This is the list of proposed tasks. It is to be extended. You can propose more tasks.
You can also find the previous lists here:

2022/2023: #42194
2021/2022: #29601
2020/2021: #15065
2019/2020: https://gist.github.com/alexey-milovidov/4251f71275f169d8fd0867e2051715e9
2018/2019: https://gist.github.com/alexey-milovidov/6735d193762cab1ad3b6e6af643e3a43
2017/2018: https://gist.github.com/alexey-milovidov/26cc3862eb87e52869b9dac64ab99156

The tasks should be:

  • not too hard (doable within about a month) but usually not less than a week;
  • not alter some core components of the system;
  • mostly isolated, does not require full knowledge of the system;
  • somewhat interesting to implement or have some point of research;
  • not in the critical path of our roadmap (ok to be thrown away after a year);
  • most of them are for C++ developers, but there should also be tasks for frontend developers or tools/research that only require Go/Python/whatever;
  • some tasks should allow teamwork;
  • cover various skills, e.g., system programming, algorithm knowledge, etc...

Copy-on-Write and Backup disks

@yulikdaniel

#42155
#42154

Check IDisk and how various disk types are implemented.

With the backup-disk it will be possible to quickly attach a backup for read-only access without fully restoring it (without copying the data). As an example, it can be used for quickly attaching example datasets (although it is already possible, see https://github.com/ClickHouse/web-tables-demo).

With COW disks, you can turn a read-only disk to read/write, but lazily - the data will be instantly accessible, but the changes will be written on demand.

Optimization of vector indices with Intel AMX and GPU

@omgronny

This is for those who are interested in low-level code and SIMD CPU instructions.

Here is the main task: #48831

For example, partitionByHyperplanes needs to calculate many scalar products - and this is exactly the same as the multiplication of a vector to a matrix.

Intel AMX - an instruction set to accelerate matrix products. And this operation is needed for vector quantization.

If you have highly-dimensional vectors and you need to do an approximate search of nearest neighbors, there is a question - how to make the vectors smaller or rougher to make the search faster but without a large drop in quality?

Integration of ClickHouse with AWS Lambda

Available

This is a pretty straightforward task if you aren't afraid to read AWS docs.

Implement a mode (app) for the clickhouse binary that will listen to events according to the AWS Lambda API, run the corresponding queries, and output the result.
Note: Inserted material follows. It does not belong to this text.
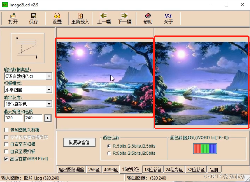 PCtoLCD也能给图片取模,但是只能取黑白色,也就是亮和不亮,反正就是无法实现效果,所以一般不会使用这个来取图片的模。
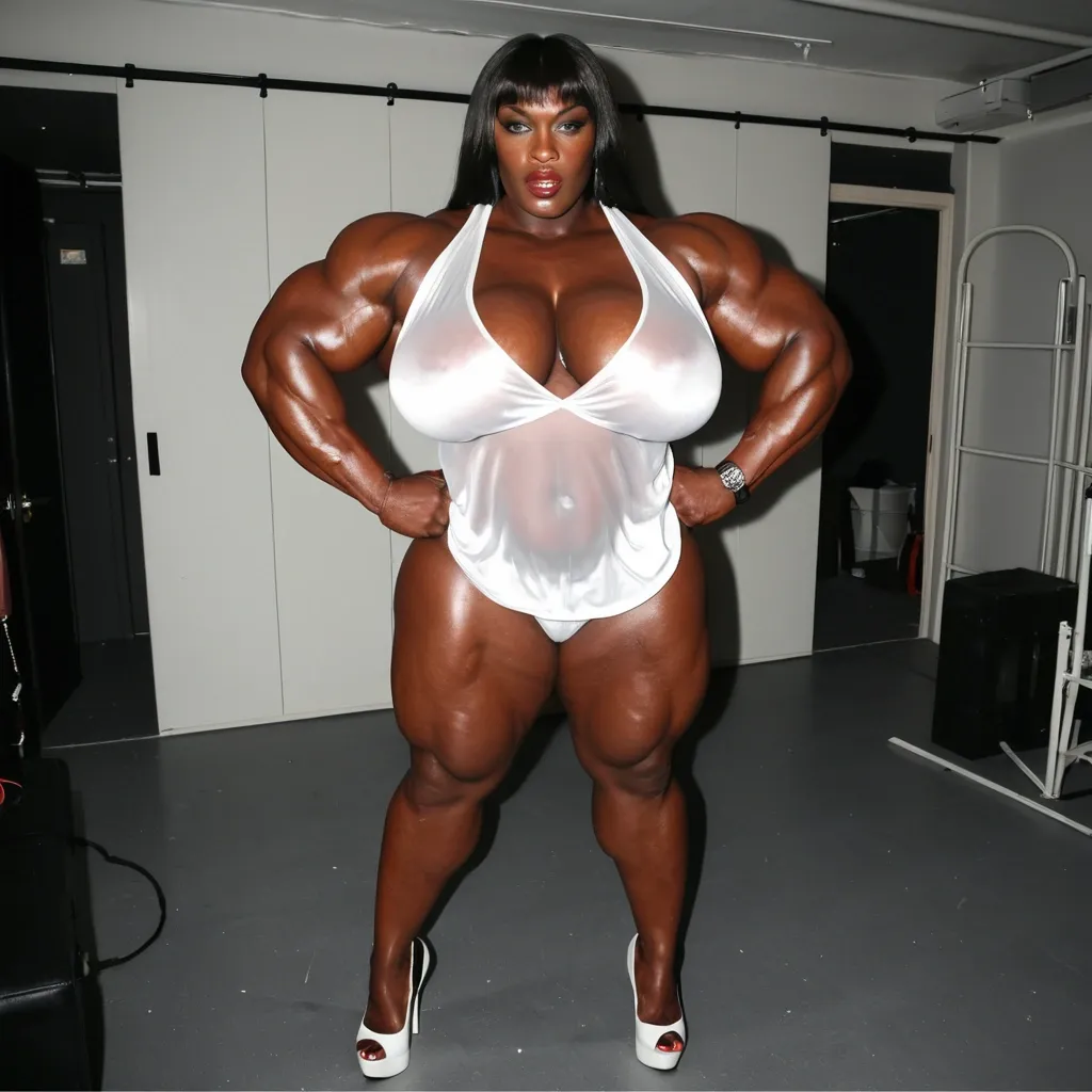 À african giant muscular chubby femalebodybuilder , housewife woman BBW musclée , heavy weight bodybuildeuse géante et plantureuse with giant chest , imposante dame massive , beautiful make up Naomi Campbell face , in a back stage room , avec de gros seins , énormes biceps musclés , in white satin transparent shortest mini loose night sleeveless shirt with heels , exposant les seins , bras musclés exposés , dominante , jambes massives exposées , agressive , ,

This app is similar to clickhouse-local.

https://docs.aws.amazon.com/lambda/latest/dg/runtimes-custom.html

Frankly speaking, it is trivial to put clickhouse-local into AWS Lambda by using a small wrapper in bash or Python: https://github.com/aws-samples/aws-lambda-clickhouse
But we want the same without any wrappers but provided directly inside the clickhouse binary.

Indexing with space-filling curves

@Artemmm91

ClickHouse already supports the calculation of the z-order (Morton) curve, as well as its usage in the index analysis.

This task is about adding support for more types of curves: Hilbert and Moore curves. See #55520

This is not too hard but gives beautiful results.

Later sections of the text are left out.